Start of Supplied information
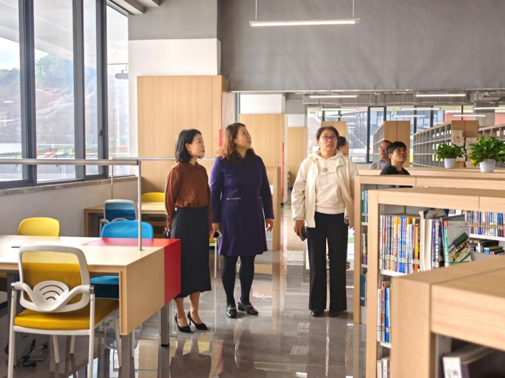 考察组先后走访各楼层阅览区、研讨间、分享区等,重点围绕图书馆规划建设、功能布局、学习空间打造及智慧化建设四大维度,进行现场沟通,直观了解场馆建设细节与运行情况。
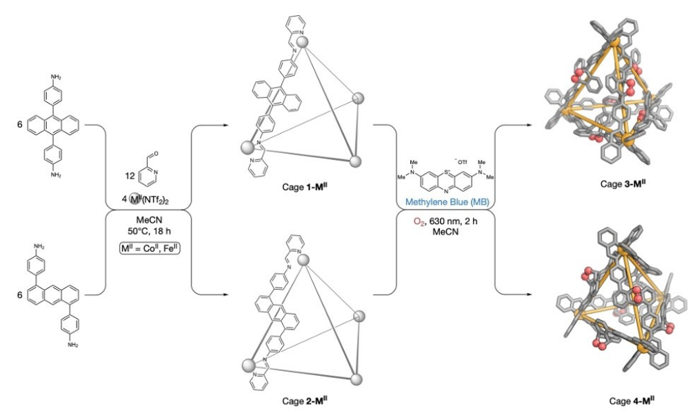 图3. 笼中的蒽(显示2-CoII)与光生1O2的反应可能会刺激结合客体的释放
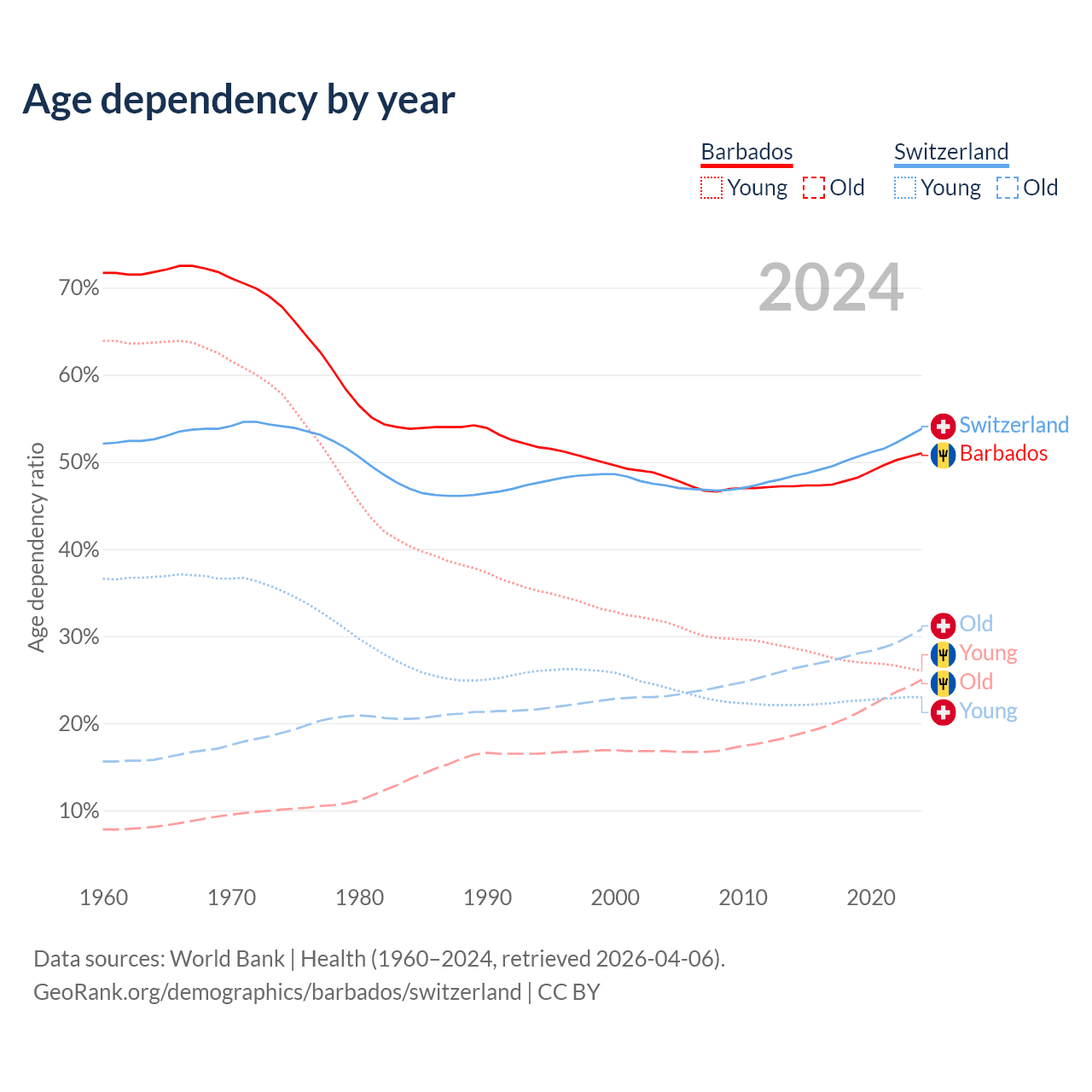 - Barbados is ranked 47/196 by median age (oldest to youngest) vs 24/196 for Switzerland.
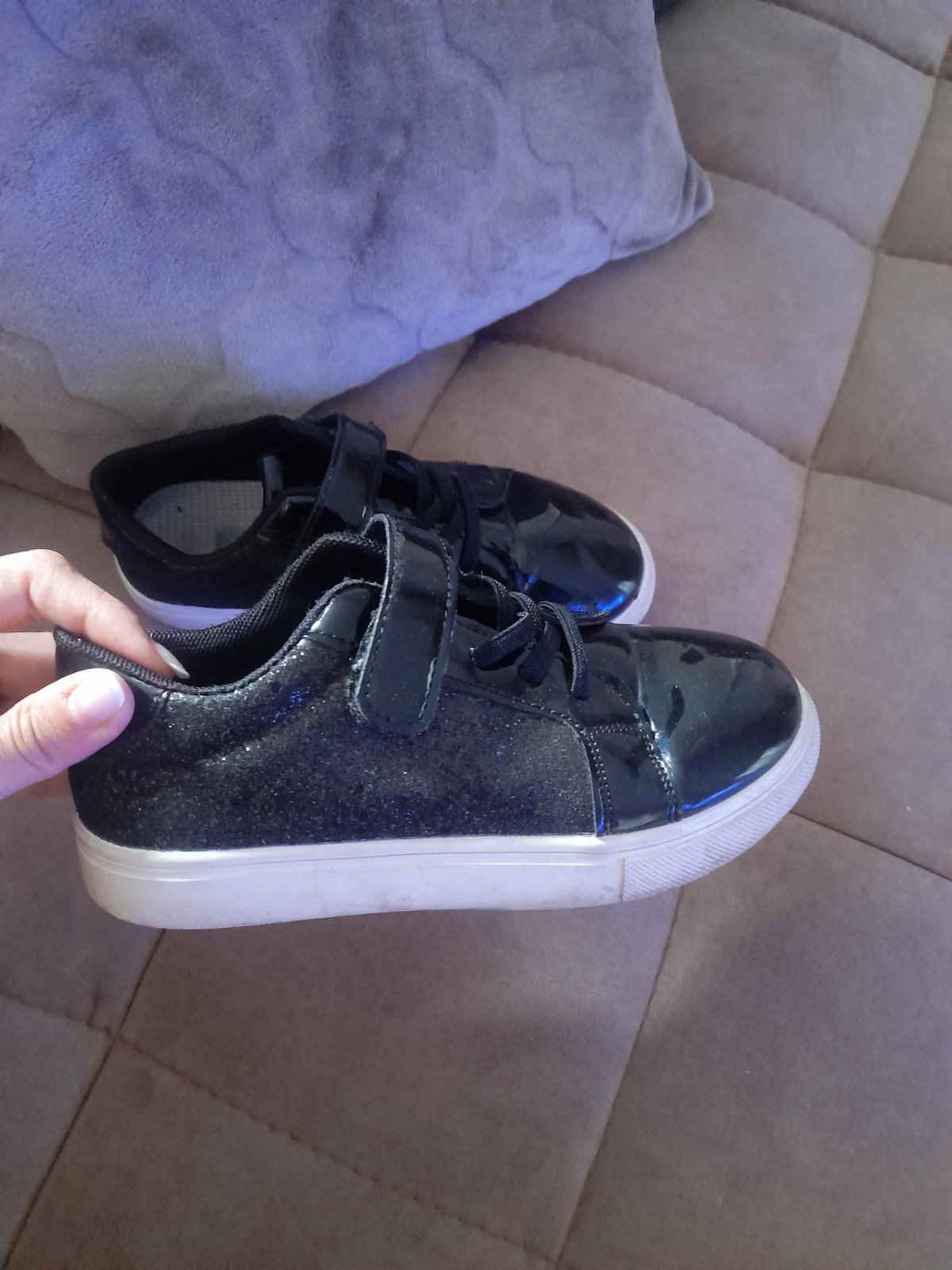 Tenisky sú v neposkodenom stave. Jediná vada je trochu zodrata farba na pätách z vnútornej strany. Ale bez dier.
End of Supplied information
[What the exercise asks] Each line of the data above must be reproduced as written. Skip the pictures.

[Response to the task]
 考察组先后走访各楼层阅览区、研讨间、分享区等,重点围绕图书馆规划建设、功能布局、学习空间打造及智慧化建设四大维度,进行现场沟通,直观了解场馆建设细节与运行情况。
 图3. 笼中的蒽(显示2-CoII)与光生1O2的反应可能会刺激结合客体的释放
 - Barbados is ranked 47/196 by median age (oldest to youngest) vs 24/196 for Switzerland.
 Tenisky sú v neposkodenom stave. Jediná vada je trochu zodrata farba na pätách z vnútornej strany. Ale bez dier.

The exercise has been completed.